Pacaran merupakan kenangan yang sangat mengesankan bagi remaja pada kehidupannya yang mendatang. Dalam masyarakat kita, pacaran memberikan kesempatan bagi remaja untuk meningkatkan kemampuan sosial dan interpersonal mereka. Pacaran juga mempersiapkan remaja untuk memilih pasangan hidup. Pada beberapa remaja pacaran juga dimanfaatkan untuk melakukan percobaan aktivitas seksual. Pacaran merupakan kelanjutan dari perkenalan dan diteruskan dengan hubungan individu terhadap lawan jenis. Jadi di dalam pacaran ini laki-laki dan wanita saling menjajaki seberapa cocok atau tidaknya mereka berdua, termasuk latar

belakang watak, sifat, pendidikan, dan lain-lainnya. Pacaran ini melebihi hubungan sekadar teman, atau teman dekat, namun ini adalah teman paling dekat

(Saumiman, 2005).

Pacaran juga seringkali dianggap sebagai pintu masuk hubungan yang lebih dalam lagi, yaitu melakukan berbagai aktivitas perilaku seksual seperti touching, kissing, necking, petting hingga sexual intercourse sebagai wujud kedekatan antara dua orang yang sedang jatuh cinta. Susan Sprecher dan Kathlen McKiney dalam buku Sexuality (2010) menjelaskan tahap-tahap dalam pacaran :

1. First Seeing (Pandangan Pertama)

Sebelum terjadinya suatu hubungan di antara dua orang, pada awalnya masing-masing saling menyadari keberadaannya. Kesadaran ini mungkin terjadi beberapa detik, hari, minggu maupun bulan sebelum interaksi secara tatap muka pada pertama kali. Dua orang mungkin saling menyadari dalam waktu yang bersamaan, tetapi dapat juga hanya satu pihak yang menyadari.

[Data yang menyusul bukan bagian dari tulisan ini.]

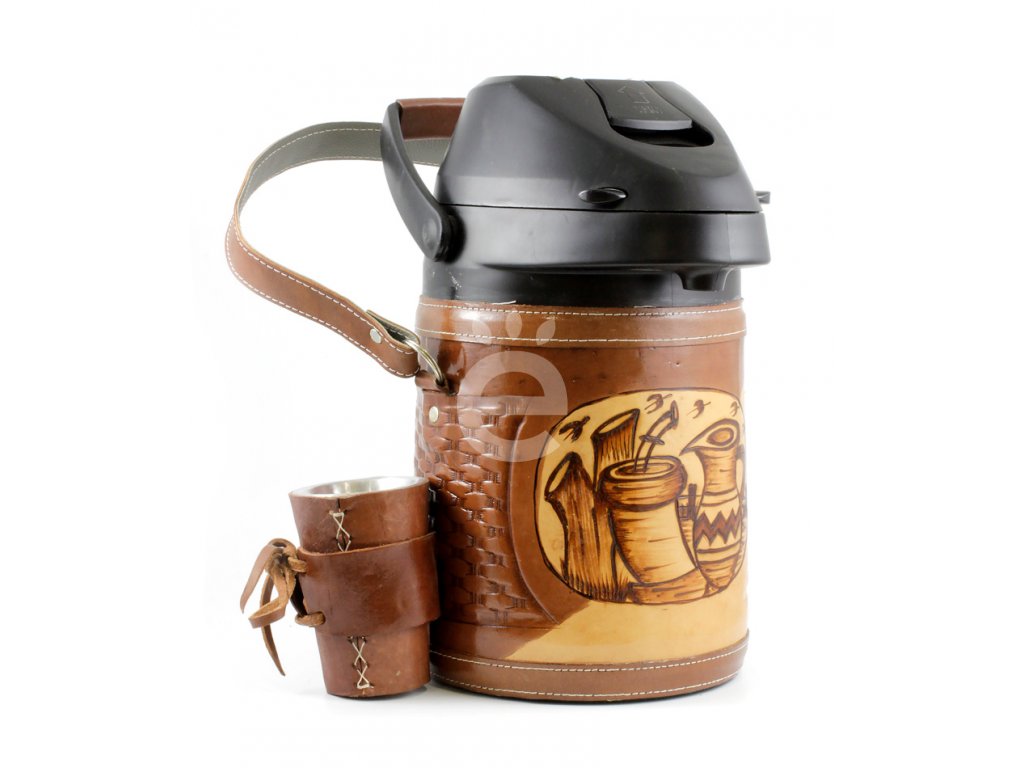 Termoska je obalená ozdobenou přírodní kůží s vyrytými a vypálenými motivy. Součástí setu je také plechový pohárek, taktéž obalený v kůži. Vše je ruční práce paraguayjských indiánů, každá termoska je originál.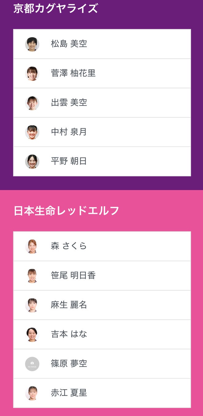 ノジマTリーグ 2024-2025シーズン 公式戦 11月29日開催 京都カグヤライズ vs 日本生命レッドエルフのベンチ入り選手を発表いたします。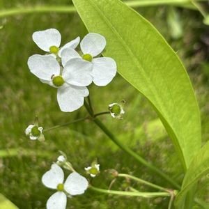 秋らしくなって来ました。 [今日のお花] 'オモダカ'(沢瀉、面高) 別名:ハナグワイ、サンカクグサ、勝ち草 水田雑草の一つ 3枚の白い花が水田の畦ぎわに咲いています。 沢瀉は日本十大紋の一つ。 ※面高という字が「武士の面目が立つ」に通じ、葉の形が矢尻に似て、別名「勝ち草」とも呼ばれて縁起がいいことから武家の家紋として普及したそうです。(ネット情報) 食用のクワイはオモダカの変種。 1️⃣2️⃣ヘラオモダカ 葉がへらの形。 雌花(中心が黄緑色のかたまり🟢) 佐倉くらしの植物苑 2025.5.14 3️⃣オモダカ 2025.8.24 雄花(中心部が黄色🟡) 田んぼの畦ぎわ ※塊茎が養分を奪ってしまうので田んぼにとっては害草‼️ 4️⃣オモダカ 2023.7.26 雌花🟢が輪生しています。 ↙️左下隅に矢尻の形の葉が写っています。 5️⃣オモダカ 2022.8.10 雄花🟡 里山の溝 矢尻の形をした葉を見てもらおうと古いpic探して来ました。 ※若い葉は線形ですが生長すると矢尻形になります。
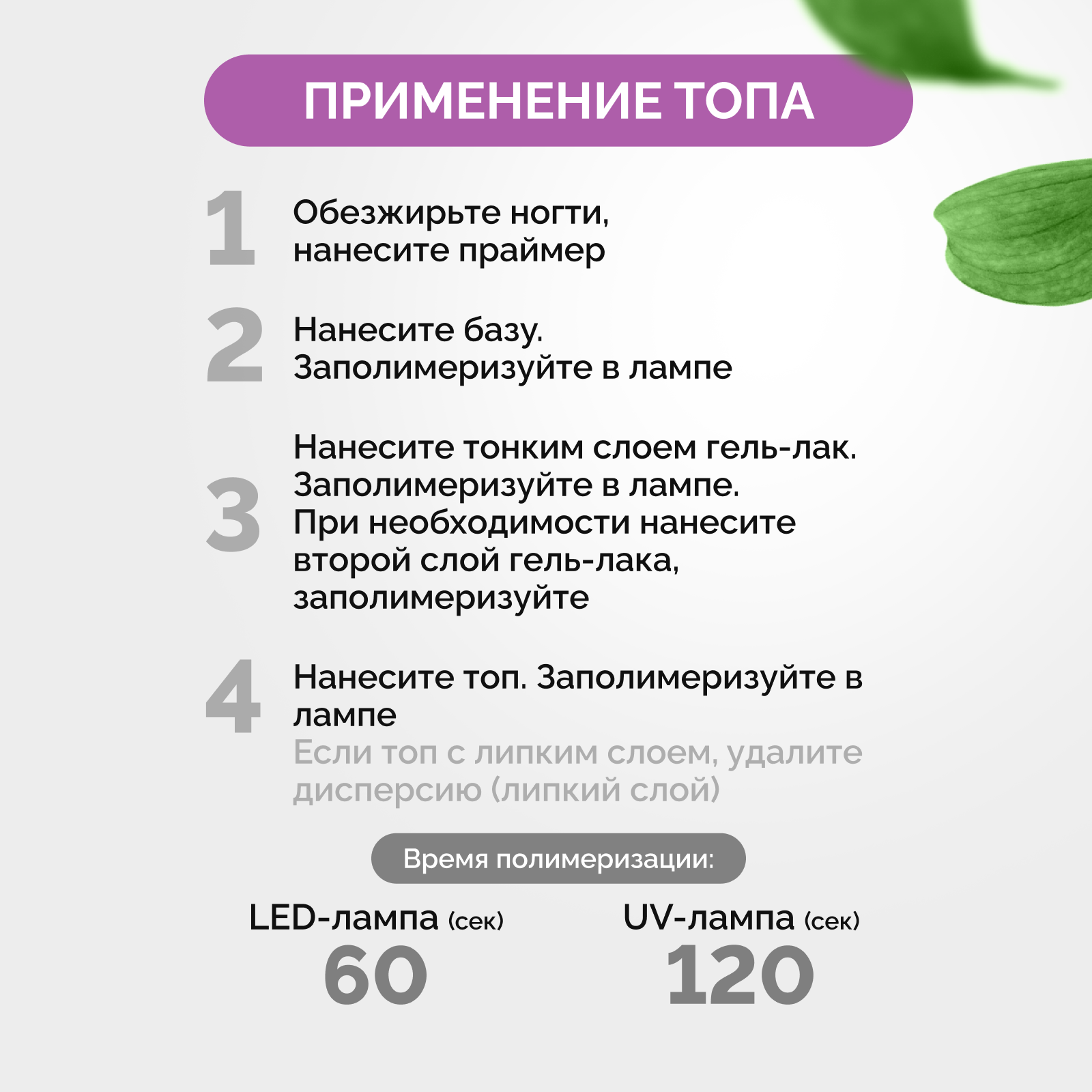 | Способ применения | Нанесение топа – завершающий этап маникюра. Рекомендованное время полимеризации в UV-лампе – 2 мин., в LED-лампе – 60 сек. Не требует снятия дисперсионного слоя. |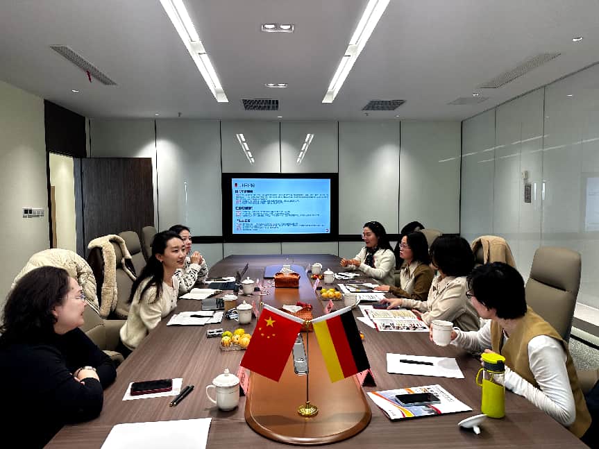 在座談交流會上,雙方重點(diǎn)圍繞雙元制教育培養(yǎng)模式、德語在雙元制教學(xué)中的應(yīng)用場景、職業(yè)資格認(rèn)證標(biāo)準(zhǔn)及畢業(yè)生就業(yè)發(fā)展路徑等關(guān)鍵議題展開深入探討。沈蓮蓮表示,外語學(xué)院高度重視應(yīng)用型人才培養(yǎng),積極探索“語言+專業(yè)技能”融合育人模式。此地實(shí)地走訪旨在精準(zhǔn)對接企業(yè)需求,將產(chǎn)業(yè)實(shí)踐要素融入教學(xué)全環(huán)節(jié),切實(shí)提升學(xué)生行業(yè)適配能力。她強(qiáng)調(diào),德語專業(yè)應(yīng)充分吸收雙元制教育“理論與實(shí)踐并重”的核心優(yōu)勢,進(jìn)一步強(qiáng)化實(shí)踐教學(xué)環(huán)節(jié),著力培養(yǎng)兼具扎實(shí)語言功底與專業(yè)素養(yǎng)的復(fù)合型人才,更好服務(wù)長三角地區(qū)中德合作企業(yè)的人才需求。卞虹、曹蕓就德語專業(yè)如何精準(zhǔn)對接中德合作企業(yè)需求、優(yōu)化課程體系等具體問題與企業(yè)深入交換意見。經(jīng)過充分溝通,雙方就開展短期研學(xué)活動、共建特色課程等合作事項(xiàng)達(dá)成初步意向。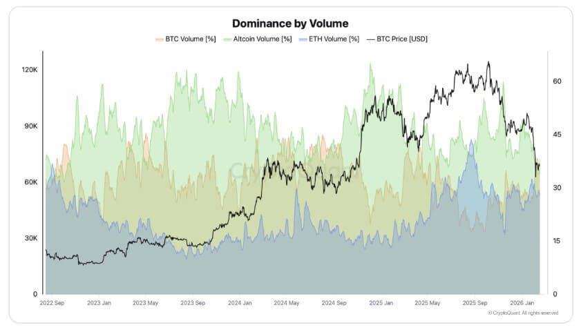 During deep corrections or the late stages of bear markets, investors typically rotate their capital toward the flagship digital asset while abandoning altcoins.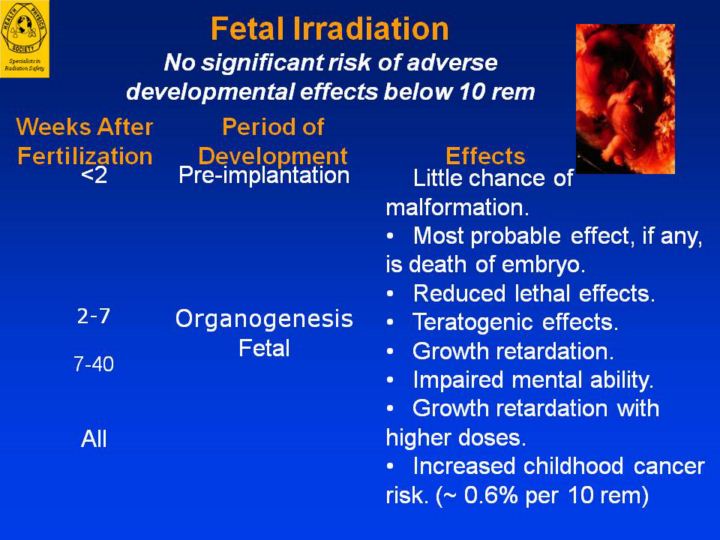 fetal doses between 10 and 50 rem, decisions regarding termination of

Murstein (2010), menyatakan situasi dimana kesadaran pertama kali terjadi mungkin dapat mempengaruhi bagaimana keberlanjutan suatu hubungan ke tahap first meeting dengan cepat dan mudah, membedakan antara tempat terbuka dan tertutup sebagai kondisi dimana suatu hubungan dimulai. Tempat yang tertutup ditandai dengan kehadiran sedikit orang dimana semuanya memiliki kemungkinan untuk berinteraksi.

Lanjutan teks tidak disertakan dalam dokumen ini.